I am not a normal person. I run on Linux.

An introduction to a new Linux blogger at Network World.

When big companies (and small ones) talk about their “target demographic” – they are never talking about Bryan Lunduke.

When video game companies want to make a hit video game, they never think “what would Bryan play?” I don’t really like things being in 3D. Good old 2D is more my cup of tea. And, if I’m being honest, I prefer lower-resolution games – the more pixilated the better. And words. I like my games to require me to do an inordinate amount of reading.

When was the last time you saw a platinum-selling video game with a resolution of 300x200 that required you to read a few novels-worth of prose just to get through the opening sequence? I am not the average gamer. And I’m okay with that.

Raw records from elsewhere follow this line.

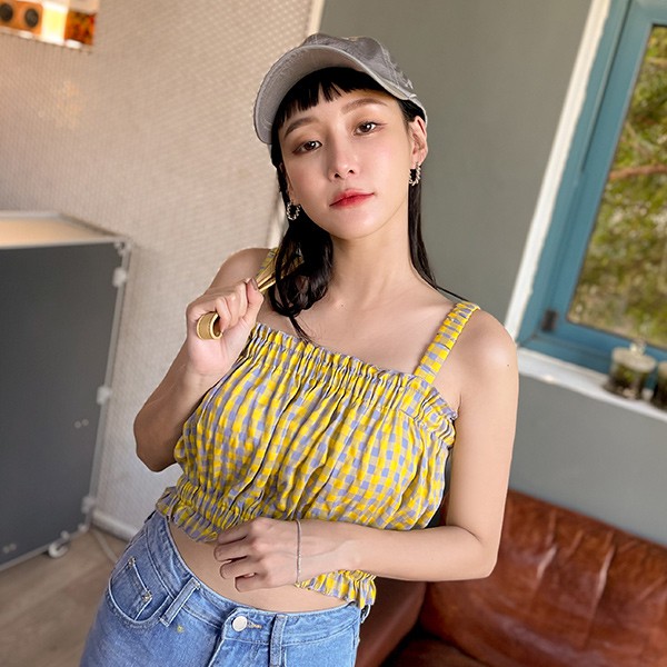 LULUS【A01210265】Y配色格紋縮腰上衣4色0513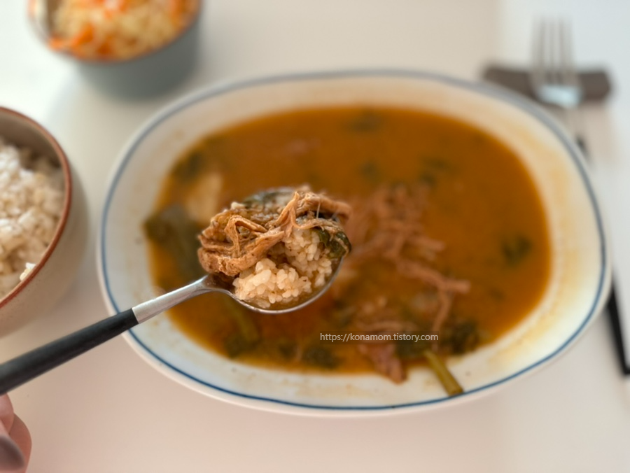 고기는 결대로 찢어서 먹으니 부드러웠고 국물도 진하고 들깨향이 나면서 꽤 맛있게 먹었습니다.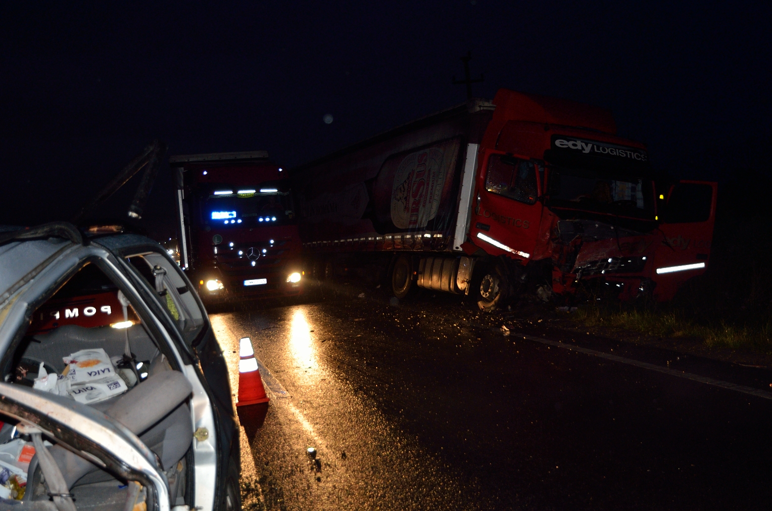 La faţa locului s-au deplasat mai multe ambulanţe, precum şi un echipaj de la descarcerare. Cu toate acestea, pentru femeia şi cei trei bărbaţi aflaţi în autoturism nu s-a mai putut face nimic. Şoferul TIR-ului nu a suferit leziuni, iar pasagera din autotren a fost uşor rănită.

This applies to computers – including desktop environments and applications – almost more so.

The major OS companies of the world (the Microsofts, Apples, Googles, etc.) are not building their systems for me. And there are two key reasons for that.

The first is due to what I do with my computers. The second is… how.

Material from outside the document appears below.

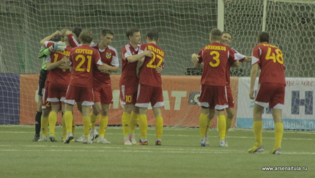 На 30-й минуте соперники туляков едва не удвоили перевес. Но мяч пришелся чуть ниже крестовины. Канонирам, как они ни старались, никак не удавалось перехватить инициативу в свои руки. Но на 43-ей минуте Владислав Рыжков с пенальти сравнял счет – 1:1. Команды ушли на перерыв.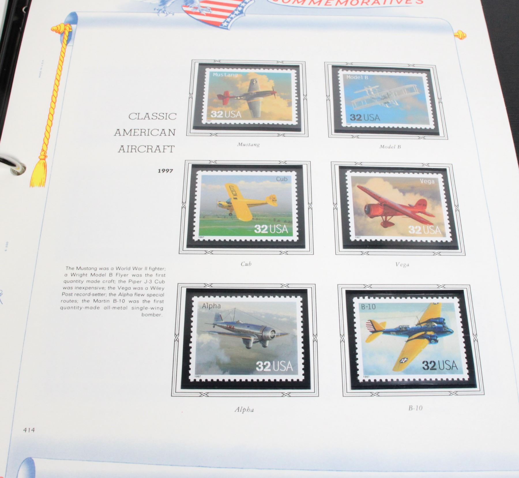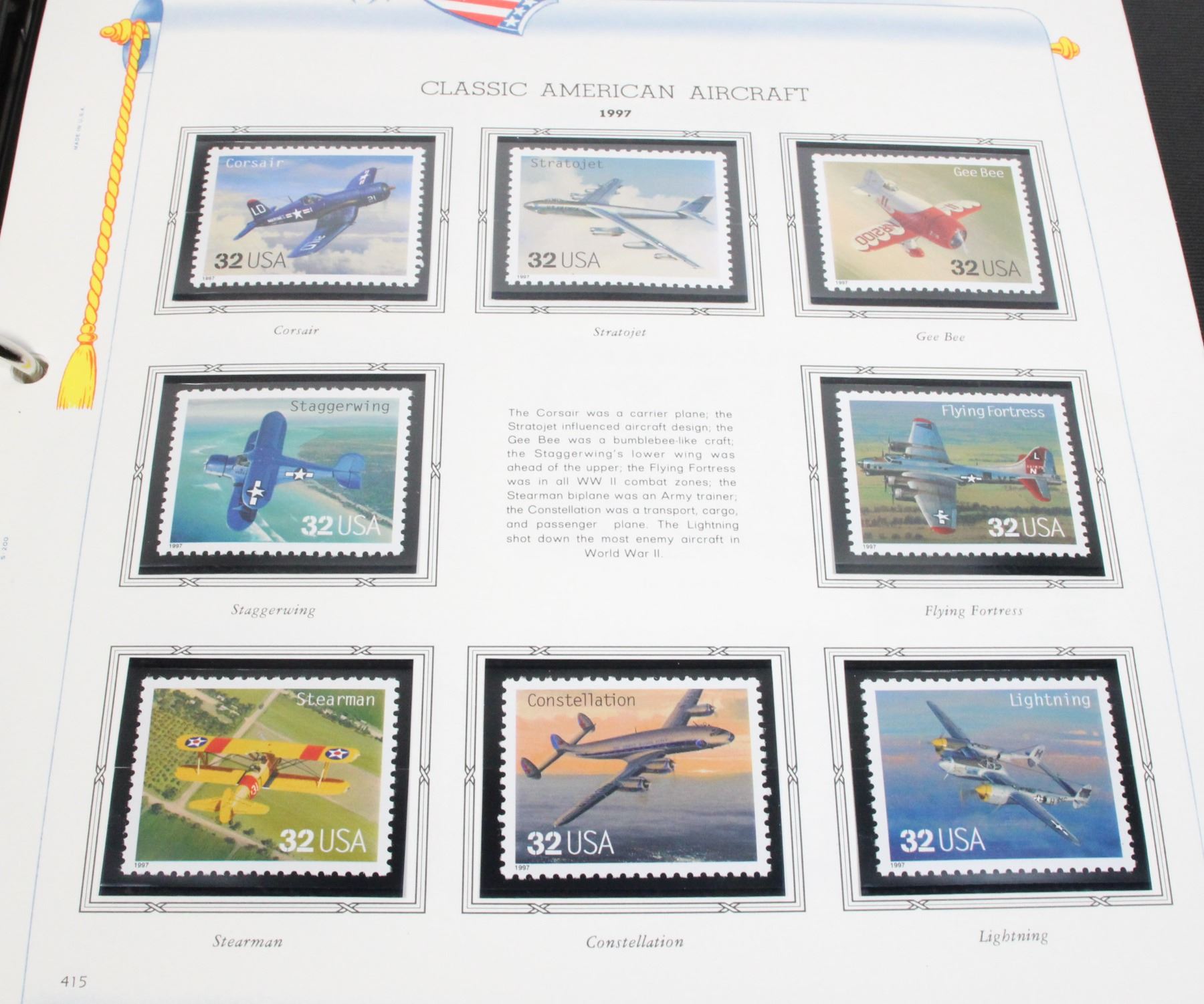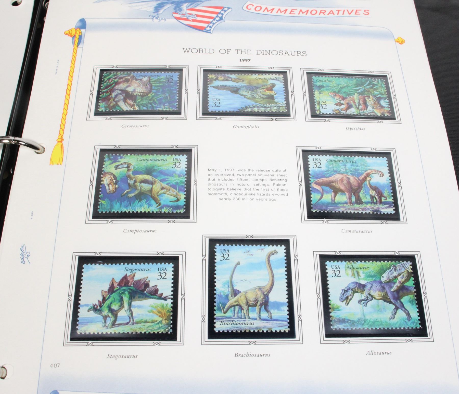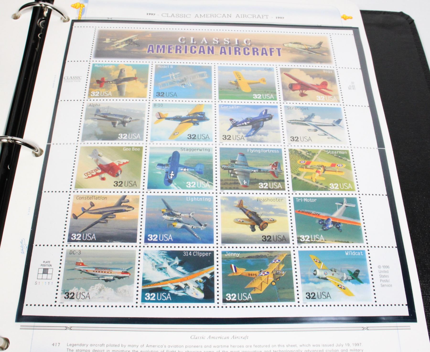 COLLECTION IN PROFESSIONAL WHITE ACE STAMP ALBUM. NOT COMPLETE BUT MANY STAMPS. SOME INCLUDE WORLD OF THE DINOSAURS 1997, CLASSIC AMERICAN AIRCRAFT 1997, FOLK MUSICIANS 1998, AND MANY MORE

Nowadays, most people live in a web browser. And that web browser is full-screen. This makes total sense – the vast majority of communication and work (that most people do) can be done inside a browser. And if you’re spending time in just one application, why not let it make use of every possible pixel you’ve got?

All of which means that there is an increased emphasis on browsing and web-based apps running full-screen (such as in Google’s ChromeOS and Windows 8). For most people this is…logical.

However, I am not most people. Right now I don’t even have a web browser open. I make indie video games (with nice pixilated graphics), programming tools, comic strips and comic books. All of which is damned near impossible to do in a web browser.

Truth be told, I spend most of my day in text editors, terminals and graphic design tools. My email is handled by a desktop client, not a web interface. Heck, I even read most of my websites through desktop RSS readers instead of loading up a browser.

And I don’t like things full screen.

I like my desktop environments to be highly configurable (weird, right?), light-weight and fast as lightning. Truth be told, I also couldn’t care less if my desktop was easy for someone else to learn to use or not. Right now, that means I’m running xmonad – and loving every second of it.

All of that is a rather long way of saying “Hi. My name is Bryan. I run, and make my living, on Linux. And I’ll be writing here now.”